** Directions for this task **
This task calls for the lines below starting at the one containing "3 Pc unstitched" and ending at the one containing "This 2022 Toyota", repeated exactly with both ends kept and pictures left out.

** Given records **

------------------------------------------------------------

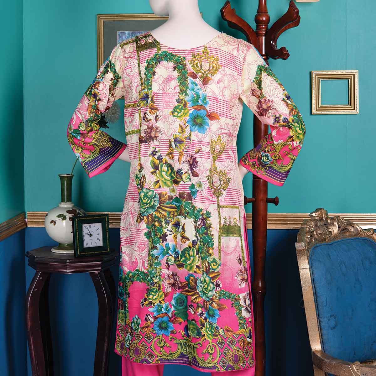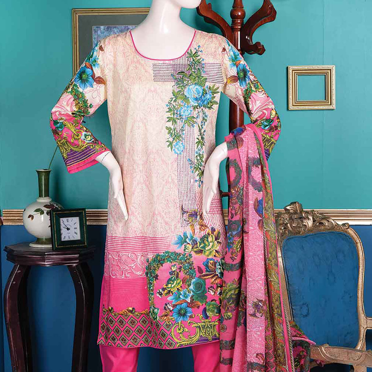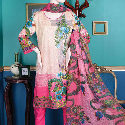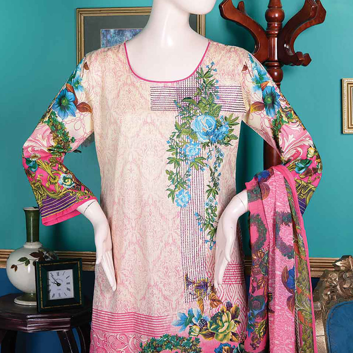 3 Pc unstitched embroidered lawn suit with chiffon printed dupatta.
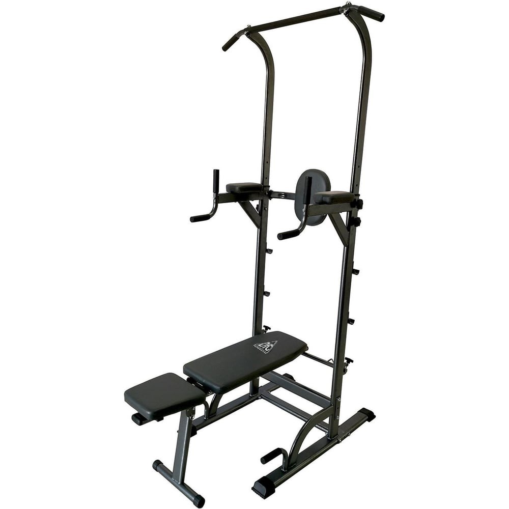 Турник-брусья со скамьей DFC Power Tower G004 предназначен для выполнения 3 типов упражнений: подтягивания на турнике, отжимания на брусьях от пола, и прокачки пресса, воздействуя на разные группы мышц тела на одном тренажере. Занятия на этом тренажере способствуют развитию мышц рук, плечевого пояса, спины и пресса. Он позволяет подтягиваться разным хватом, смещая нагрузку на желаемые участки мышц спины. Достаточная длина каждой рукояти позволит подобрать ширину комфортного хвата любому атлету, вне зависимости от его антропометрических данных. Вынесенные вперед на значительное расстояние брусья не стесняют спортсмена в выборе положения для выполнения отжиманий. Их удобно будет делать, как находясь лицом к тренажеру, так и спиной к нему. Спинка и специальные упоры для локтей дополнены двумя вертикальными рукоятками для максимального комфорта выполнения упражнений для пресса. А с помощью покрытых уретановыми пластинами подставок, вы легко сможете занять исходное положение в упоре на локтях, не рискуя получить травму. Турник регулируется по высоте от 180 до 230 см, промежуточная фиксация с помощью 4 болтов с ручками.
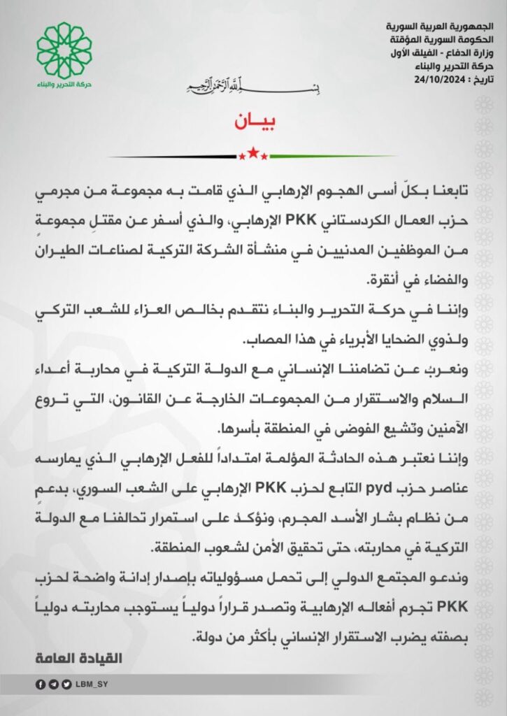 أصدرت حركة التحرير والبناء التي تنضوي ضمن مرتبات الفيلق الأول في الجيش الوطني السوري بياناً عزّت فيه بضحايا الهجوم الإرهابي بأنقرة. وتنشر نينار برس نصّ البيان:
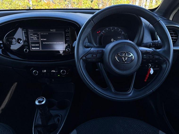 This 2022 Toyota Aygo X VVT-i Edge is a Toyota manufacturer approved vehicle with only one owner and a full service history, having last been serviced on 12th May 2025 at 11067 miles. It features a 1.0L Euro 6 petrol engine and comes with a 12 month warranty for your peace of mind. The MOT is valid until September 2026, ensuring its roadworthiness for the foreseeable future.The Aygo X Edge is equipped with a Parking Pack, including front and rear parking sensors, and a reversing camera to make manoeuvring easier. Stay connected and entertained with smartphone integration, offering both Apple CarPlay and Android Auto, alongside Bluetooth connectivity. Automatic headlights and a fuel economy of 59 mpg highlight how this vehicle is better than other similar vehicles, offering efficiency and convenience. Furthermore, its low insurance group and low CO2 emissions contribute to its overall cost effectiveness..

------------------------------------------------------------

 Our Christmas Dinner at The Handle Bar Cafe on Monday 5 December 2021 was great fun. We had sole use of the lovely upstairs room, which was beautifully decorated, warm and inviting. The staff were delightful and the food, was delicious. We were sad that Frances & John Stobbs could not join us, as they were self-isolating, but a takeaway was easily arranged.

------------------------------------------------------------

** Result below **
 3 Pc unstitched embroidered lawn suit with chiffon printed dupatta.
 Турник-брусья со скамьей DFC Power Tower G004 предназначен для выполнения 3 типов упражнений: подтягивания на турнике, отжимания на брусьях от пола, и прокачки пресса, воздействуя на разные группы мышц тела на одном тренажере. Занятия на этом тренажере способствуют развитию мышц рук, плечевого пояса, спины и пресса. Он позволяет подтягиваться разным хватом, смещая нагрузку на желаемые участки мышц спины. Достаточная длина каждой рукояти позволит подобрать ширину комфортного хвата любому атлету, вне зависимости от его антропометрических данных. Вынесенные вперед на значительное расстояние брусья не стесняют спортсмена в выборе положения для выполнения отжиманий. Их удобно будет делать, как находясь лицом к тренажеру, так и спиной к нему. Спинка и специальные упоры для локтей дополнены двумя вертикальными рукоятками для максимального комфорта выполнения упражнений для пресса. А с помощью покрытых уретановыми пластинами подставок, вы легко сможете занять исходное положение в упоре на локтях, не рискуя получить травму. Турник регулируется по высоте от 180 до 230 см, промежуточная фиксация с помощью 4 болтов с ручками.
 أصدرت حركة التحرير والبناء التي تنضوي ضمن مرتبات الفيلق الأول في الجيش الوطني السوري بياناً عزّت فيه بضحايا الهجوم الإرهابي بأنقرة. وتنشر نينار برس نصّ البيان:
 This 2022 Toyota Aygo X VVT-i Edge is a Toyota manufacturer approved vehicle with only one owner and a full service history, having last been serviced on 12th May 2025 at 11067 miles. It features a 1.0L Euro 6 petrol engine and comes with a 12 month warranty for your peace of mind. The MOT is valid until September 2026, ensuring its roadworthiness for the foreseeable future.The Aygo X Edge is equipped with a Parking Pack, including front and rear parking sensors, and a reversing camera to make manoeuvring easier. Stay connected and entertained with smartphone integration, offering both Apple CarPlay and Android Auto, alongside Bluetooth connectivity. Automatic headlights and a fuel economy of 59 mpg highlight how this vehicle is better than other similar vehicles, offering efficiency and convenience. Furthermore, its low insurance group and low CO2 emissions contribute to its overall cost effectiveness..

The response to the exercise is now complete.